*Work instructions*
Your task is to transcribe each record exactly and to omit every image.

** Given records follows **

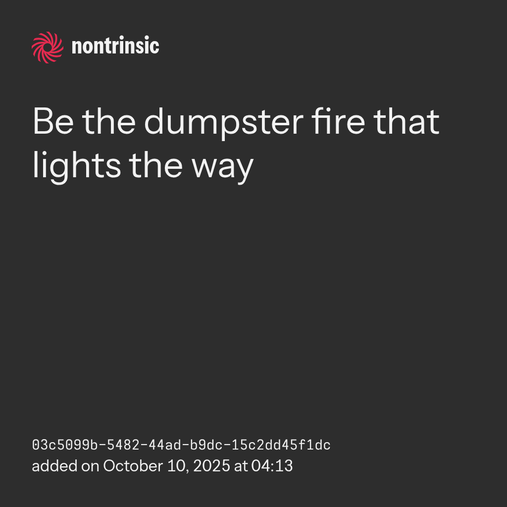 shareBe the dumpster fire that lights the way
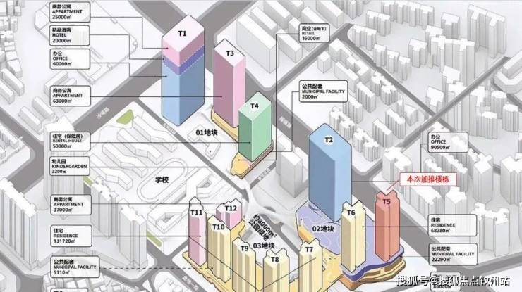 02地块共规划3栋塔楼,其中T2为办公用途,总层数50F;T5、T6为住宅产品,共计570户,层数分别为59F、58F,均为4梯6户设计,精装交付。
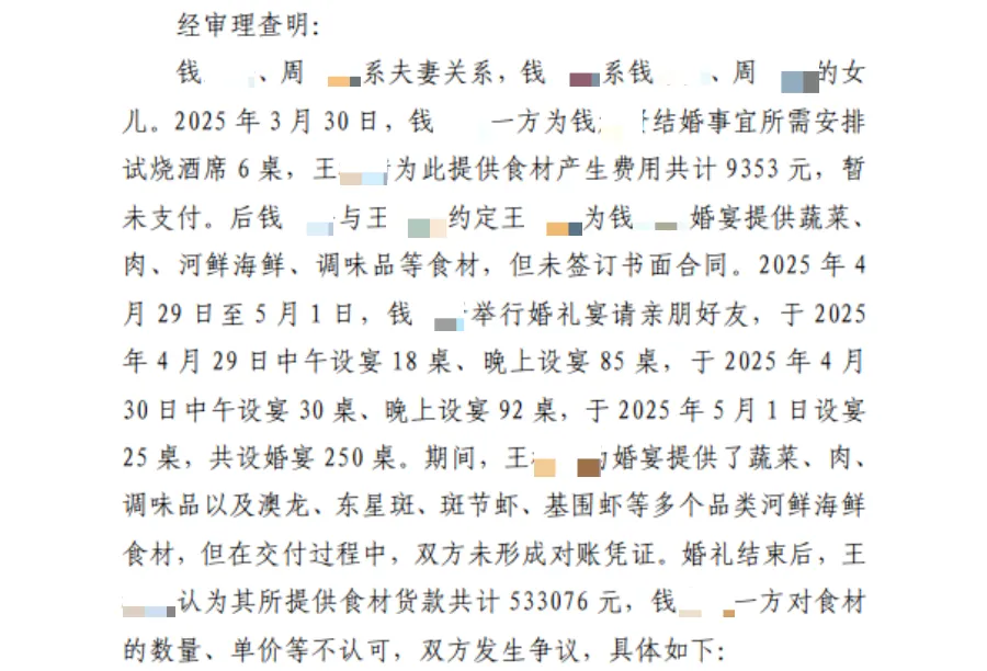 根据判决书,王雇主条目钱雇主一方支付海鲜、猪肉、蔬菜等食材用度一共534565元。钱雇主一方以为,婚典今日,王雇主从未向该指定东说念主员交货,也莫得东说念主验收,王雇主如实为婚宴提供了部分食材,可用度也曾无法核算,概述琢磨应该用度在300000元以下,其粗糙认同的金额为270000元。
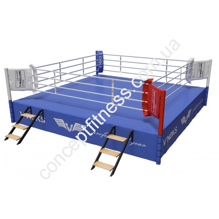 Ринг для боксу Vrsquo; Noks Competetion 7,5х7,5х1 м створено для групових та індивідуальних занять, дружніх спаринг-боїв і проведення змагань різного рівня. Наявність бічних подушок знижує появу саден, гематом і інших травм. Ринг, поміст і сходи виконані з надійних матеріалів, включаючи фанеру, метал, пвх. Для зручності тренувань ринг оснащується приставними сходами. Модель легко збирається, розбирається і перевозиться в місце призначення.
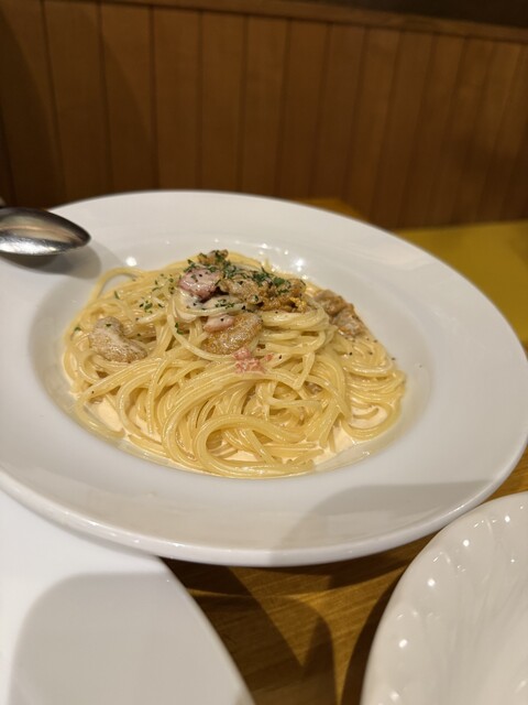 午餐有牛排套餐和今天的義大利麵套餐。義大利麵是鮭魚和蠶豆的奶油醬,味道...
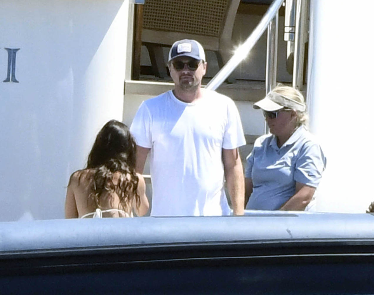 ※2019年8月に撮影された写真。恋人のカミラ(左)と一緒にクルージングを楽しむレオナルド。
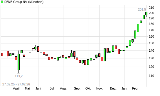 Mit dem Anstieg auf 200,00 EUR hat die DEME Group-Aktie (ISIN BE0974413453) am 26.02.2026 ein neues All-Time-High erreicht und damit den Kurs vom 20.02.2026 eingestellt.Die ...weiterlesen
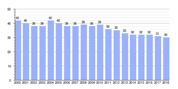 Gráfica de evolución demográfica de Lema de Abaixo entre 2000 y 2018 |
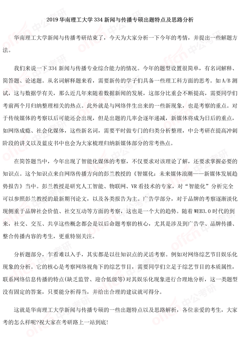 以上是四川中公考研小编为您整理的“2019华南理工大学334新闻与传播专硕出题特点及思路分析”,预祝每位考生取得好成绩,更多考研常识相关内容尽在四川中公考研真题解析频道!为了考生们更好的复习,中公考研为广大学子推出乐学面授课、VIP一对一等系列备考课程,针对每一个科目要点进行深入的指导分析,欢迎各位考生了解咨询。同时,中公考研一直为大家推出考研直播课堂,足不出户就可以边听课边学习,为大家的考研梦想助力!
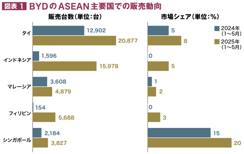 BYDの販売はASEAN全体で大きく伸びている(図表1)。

** End of Given records **

*Task output*
 shareBe the dumpster fire that lights the way
 02地块共规划3栋塔楼,其中T2为办公用途,总层数50F;T5、T6为住宅产品,共计570户,层数分别为59F、58F,均为4梯6户设计,精装交付。
 根据判决书,王雇主条目钱雇主一方支付海鲜、猪肉、蔬菜等食材用度一共534565元。钱雇主一方以为,婚典今日,王雇主从未向该指定东说念主员交货,也莫得东说念主验收,王雇主如实为婚宴提供了部分食材,可用度也曾无法核算,概述琢磨应该用度在300000元以下,其粗糙认同的金额为270000元。
 Ринг для боксу Vrsquo; Noks Competetion 7,5х7,5х1 м створено для групових та індивідуальних занять, дружніх спаринг-боїв і проведення змагань різного рівня. Наявність бічних подушок знижує появу саден, гематом і інших травм. Ринг, поміст і сходи виконані з надійних матеріалів, включаючи фанеру, метал, пвх. Для зручності тренувань ринг оснащується приставними сходами. Модель легко збирається, розбирається і перевозиться в місце призначення.
 午餐有牛排套餐和今天的義大利麵套餐。義大利麵是鮭魚和蠶豆的奶油醬,味道...
 ※2019年8月に撮影された写真。恋人のカミラ(左)と一緒にクルージングを楽しむレオナルド。
 Mit dem Anstieg auf 200,00 EUR hat die DEME Group-Aktie (ISIN BE0974413453) am 26.02.2026 ein neues All-Time-High erreicht und damit den Kurs vom 20.02.2026 eingestellt.Die ...weiterlesen
 Gráfica de evolución demográfica de Lema de Abaixo entre 2000 y 2018 |
 以上是四川中公考研小编为您整理的“2019华南理工大学334新闻与传播专硕出题特点及思路分析”,预祝每位考生取得好成绩,更多考研常识相关内容尽在四川中公考研真题解析频道!为了考生们更好的复习,中公考研为广大学子推出乐学面授课、VIP一对一等系列备考课程,针对每一个科目要点进行深入的指导分析,欢迎各位考生了解咨询。同时,中公考研一直为大家推出考研直播课堂,足不出户就可以边听课边学习,为大家的考研梦想助力!
 BYDの販売はASEAN全体で大きく伸びている(図表1)。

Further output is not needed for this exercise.